[Records excerpted from a collection]
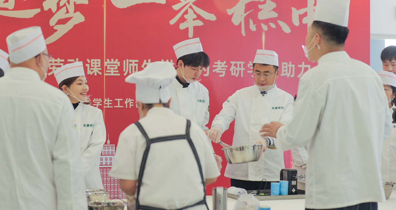 为深入推进实施学校“培根铸魂 以林育人”三年行动计划,拓展学生社区劳动育人空间,提升学生实践动手能力。近日,学校党委常委、副校长张春雷走进“一站式”学生社区劳动课堂,与师生共同体验蛋糕烘焙过程,为考研学生送上温馨祝福。
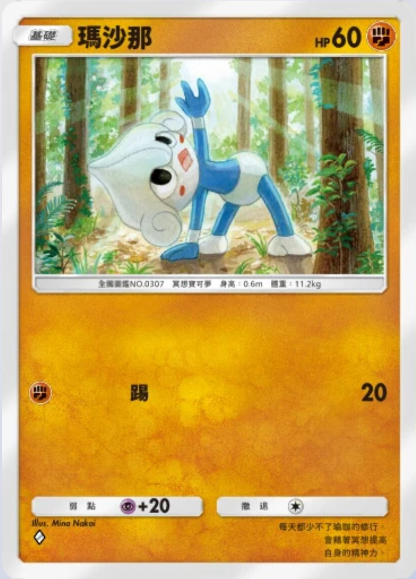 玛沙那 基础信息 玛沙那种类冥想宝可梦宝可梦基础HP60属性撤退弱点+20系列A绘师Mina Nakai身高0.6m体重11.2kgA2a 043/75卡牌简介每天都少不了瑜珈的修行。会藉着冥想提高自身的精神力。 技能 踢伤害:20
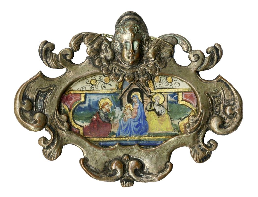 Tempera a colori e pittura oro su foglio di carta ovale. mm 48x80. Santo genuflesso in adorazione del Bambino nella capanna di Betlemme.
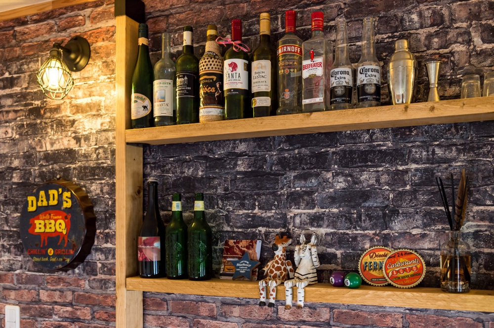 2階のフリースペースには、DIYでバーカウンターを作った。好きなお酒を並べて音楽を聴いたら、自分だけの時間の始まり。レンガ調のアクセントクロスとノスタルジックな灯りのランプが、雰囲気とマッチしている。リビングとも繋がることで、お互いに好きなことをしながら気配も感じられ、ちょうどいい距離感で一緒に居られるのだ
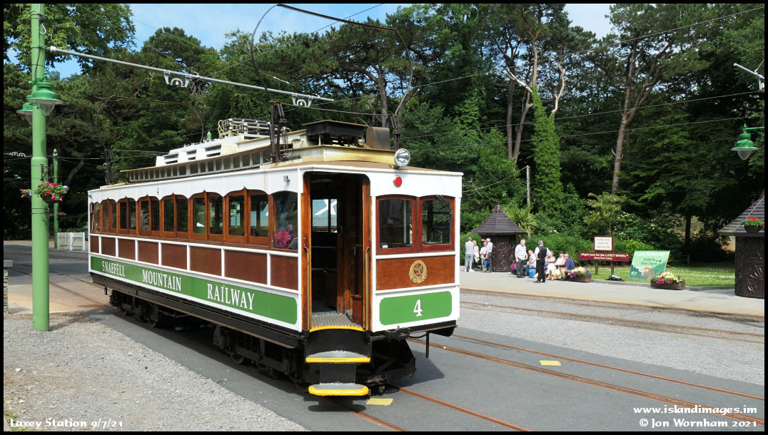 At Laxey, Snaefell Mountain Railway Car No 4 awaits departure for the summit.
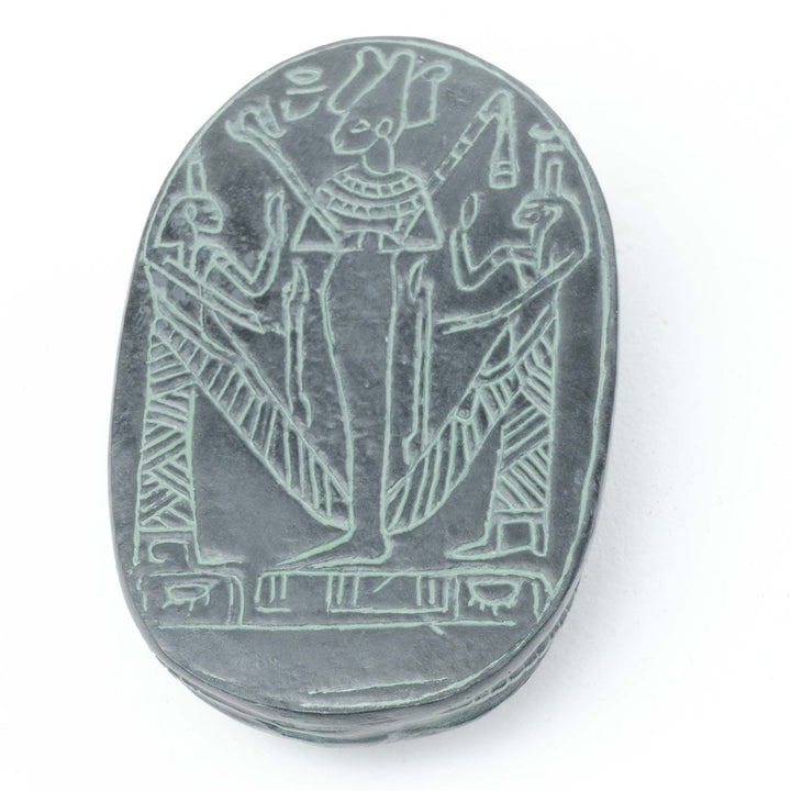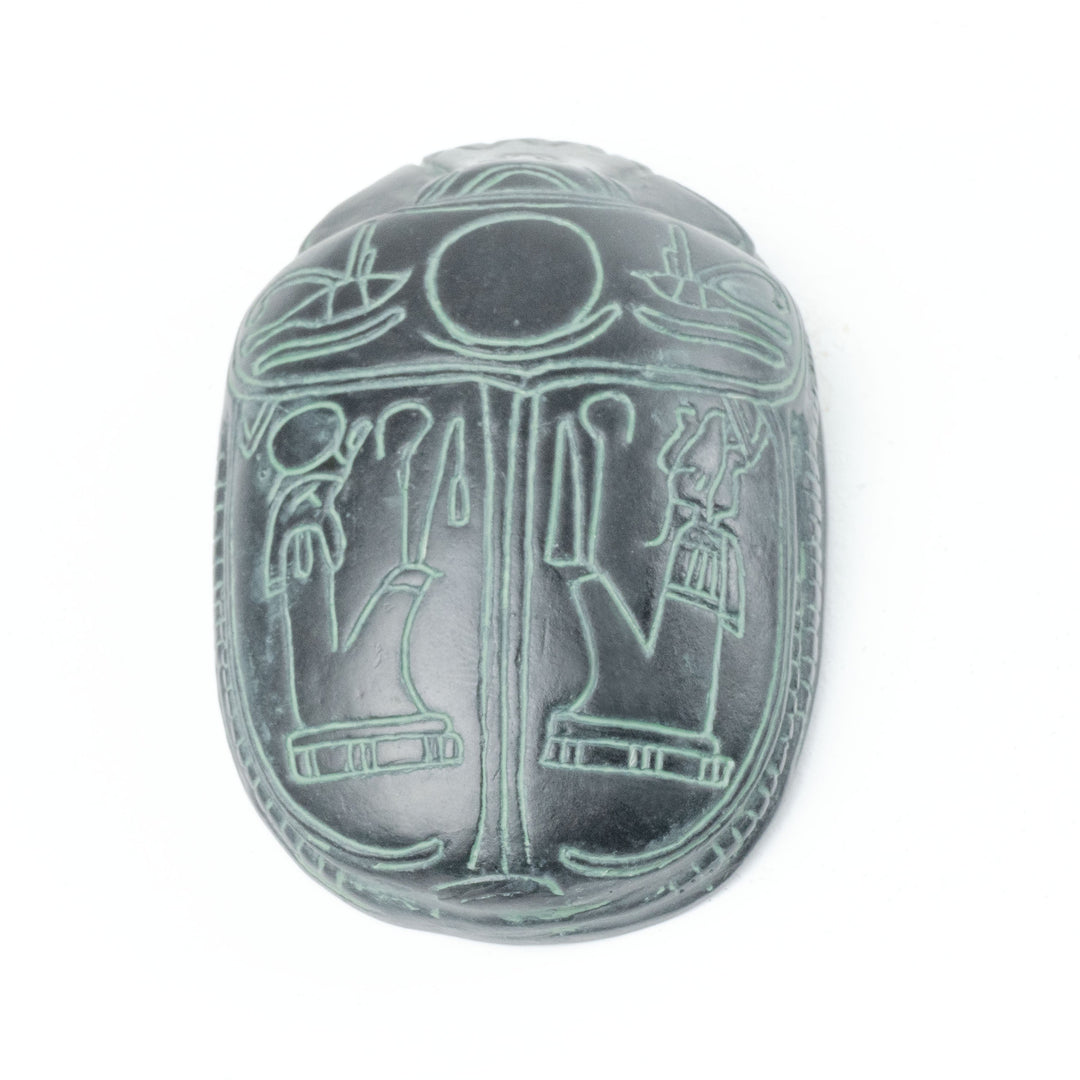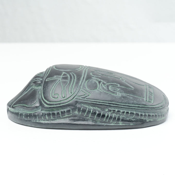 Inspiriert von der heiligen Symbolik des alten Ägyptens verkörpert diese detailgetreue Skarabäus-Replik Schutz, Wiedergeburt und göttliche Energie. Aufwändig geschnitzt und in einem Grünspan-Ton gehalten, verleiht er jedem Raum eine mystische Präsenz - ein perfektes Stück für Sammler oder spirituelle Dekoration.
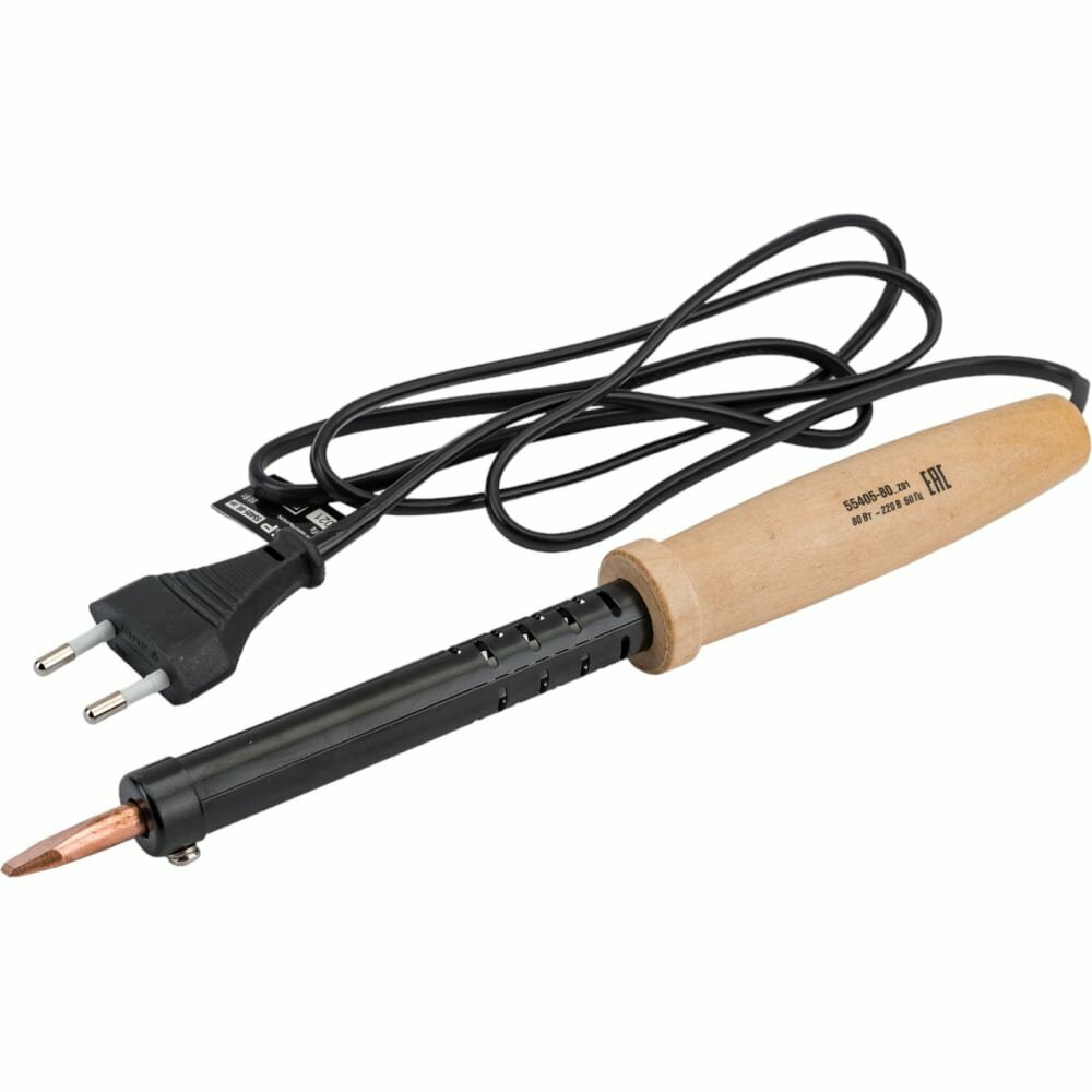 ЗУБР 80 Вт, клин, электропаяльник с деревянной рукояткой (55405-80)

_Exercise objective:_ Please return the data above exactly as it stands from the line with "2階のフリースペースには、D" to the line with "At Laxey, Snaefell", keeping both of those lines but none of the pictures.

_Answer box:_
 2階のフリースペースには、DIYでバーカウンターを作った。好きなお酒を並べて音楽を聴いたら、自分だけの時間の始まり。レンガ調のアクセントクロスとノスタルジックな灯りのランプが、雰囲気とマッチしている。リビングとも繋がることで、お互いに好きなことをしながら気配も感じられ、ちょうどいい距離感で一緒に居られるのだ
 At Laxey, Snaefell Mountain Railway Car No 4 awaits departure for the summit.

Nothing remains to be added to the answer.